Given the dearth of infrastructure and personnel in our country, is anyone still wondering why Melinda Gates had predicted that Africans (Nigerians are 1 out of every 5) would be dropping dead on the streets like houseflies if the COVID-19 hits the continent with the same ferocity that it is afflicting the rest of the world?

In retrospect, l was not exaggerating when l concluded in one of my previously published opinion pieces (Nigeria Now Looks lCU – thecable June 7, 2016) that Nigeria is increasingly becoming an ICU owing to inadequate healthcare infrastructure.

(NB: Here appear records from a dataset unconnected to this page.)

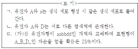 이에 대한 설명으로 옳은 것만을 <보기>에서 있는 대로 고른 것은? (단, 대립 유전자 A, B, D는 각각 대립 유전자 a, b, d에 대해 완전 우성이고, 교차와 돌연변이는 일어나지 않았다.) [3점]
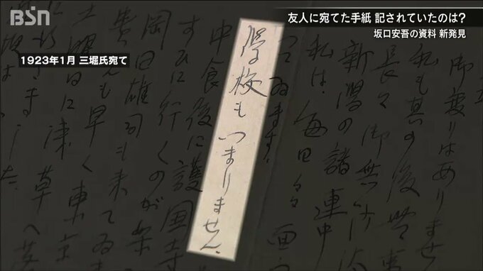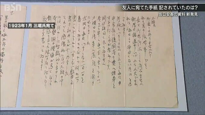新潟市出身の作家・坂口安吾が学生時代の友人に宛てた手紙が2022年の秋、新たに発見されました。その内容は、あまり知られていない“若かりし頃の安吾”を知ることができる貴重なものでした。
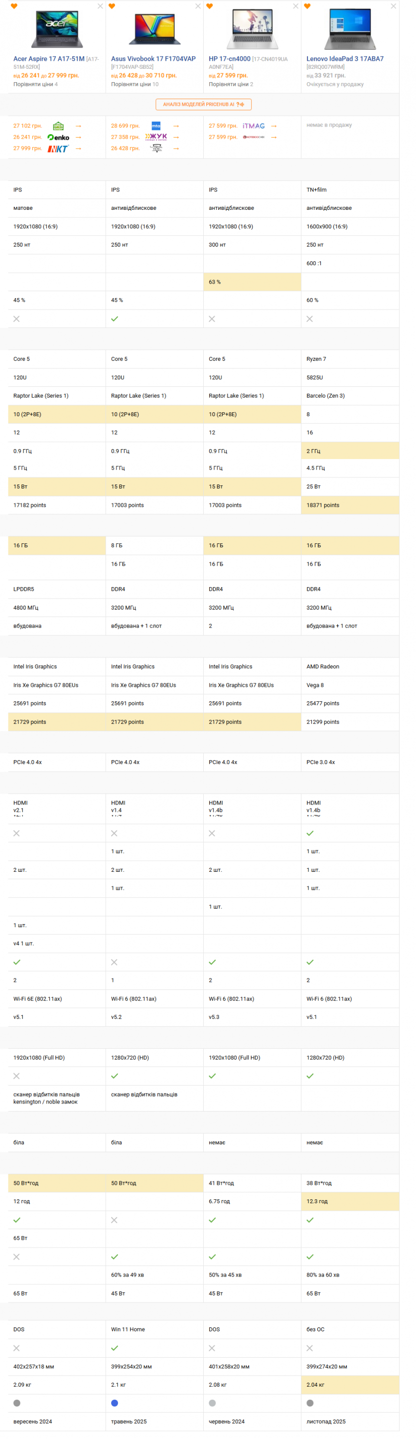 Рядом стоит Asus Vivobook 17 F1704VAP — тот же Core 5 120U, но с DDR4 и более слабой базовой конфигурацией (часто 8 ГБ ОЗУ) от 26 428 гривен. Acer Aspire A17 выглядит более сбалансированным из коробки.
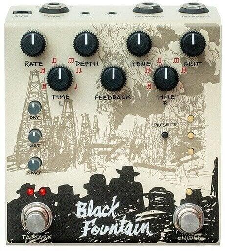 Aceasta este o traducere automată generată de un software:Black Fountain este o pedală avansată de întârziere cu ulei, care combină tonuri calde, modulate și ușor murdare pentru diferite efecte de delay, cum ar fi refren, dublare, slapback și întârzieri ritmice. Oferă personalizare pentru modulație, ton, grit, timpi de întârziere, feedback și sunet mono/stereo. Caracteristicile sale includ: Intrări/ieșiri stereo cu trecere uscată analogică Trasee sau comutare de ocolire reală Stocare prestabilită Controlul expresiei pentru fiecare buton Compatibilitate MIDI, inclusiv sincronizarea ceasului Prezentare generală a controalelor: Rată și adâncime : Reglați viteza și intensitatea modulației. Ton : Modelează căldura repetărilor. Grit : Setați intensitatea conducerii în repetări. Ora L și Timpul R : Reglați timpii de întârziere stânga/dreapta cu șase subdiviziuni prin comutatorul de picior Tap. Feedback : Suma generală repetată. Uscat/Umed : echilibrează volumele semnalului uscat și întârziat. Spaţiu : Reglați lățimea mono/stereo și adăugați difuzie. Atingeți/Comutator Aux : Atingeți tempo, țineți apăsat pentru feedback infinit sau comutați presetări. Bypass la atingere moale : Zgomot minim de comutare.
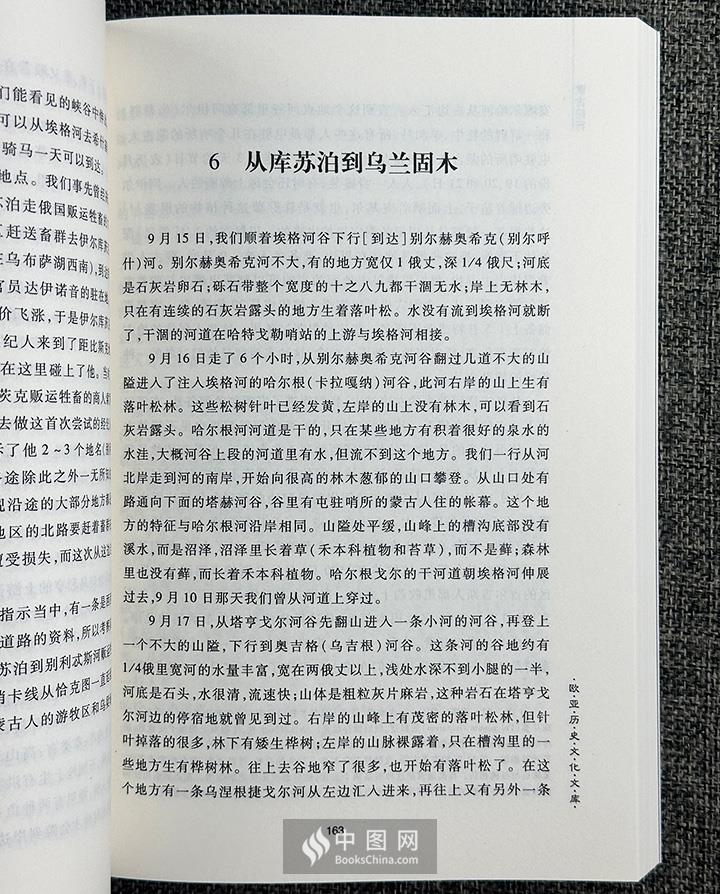 “欧亚历史文化文库”《蒙古纪行》,2011年出版,由俄罗斯旅行家波塔宁撰写,苏联地质学家奥布鲁切夫节选注释,是系统考察19世纪蒙古西北部及大兴安岭等地的考察日记,是了解该地区自然资源、地理环境、居民状况、商贸交往等不可多得的参考资料。

Added to the prevailing alarming situation of insecurity of lives and property in our country that has seen thousands of innocent peasants and the bourgeoisie who were unable to jet off to foreign countries viciously sent to their early graves, my description of Nigeria roughly four years ago as an ICU has become more poignant, fitting and most apt today.

And it simply implies that the dangerous threat to lives and the precarious condition of human existence in Nigeria have degenerated into abysmal levels in the intervening period. And it is an affirmation of the position of some pundits that Nigeria is a failed country or at best a failing one.

Rather than denying the reality as Information Minister Lai Mohammed and presidential spokesmen and women have been doing, in this new year, why don’t the leadership/authorities resolve to reverse the dismaying and dismal trend which is making majority of Nigerians now live in morbid fear of death?

Onyibe, an entrepreneur, public policy analyst, author, development strategist, alumnus of Fletcher School of Law and Diplomacy, Tufts University, Massachusetts, USA, and a former commissioner in Delta State government, sent this piece from Lagos.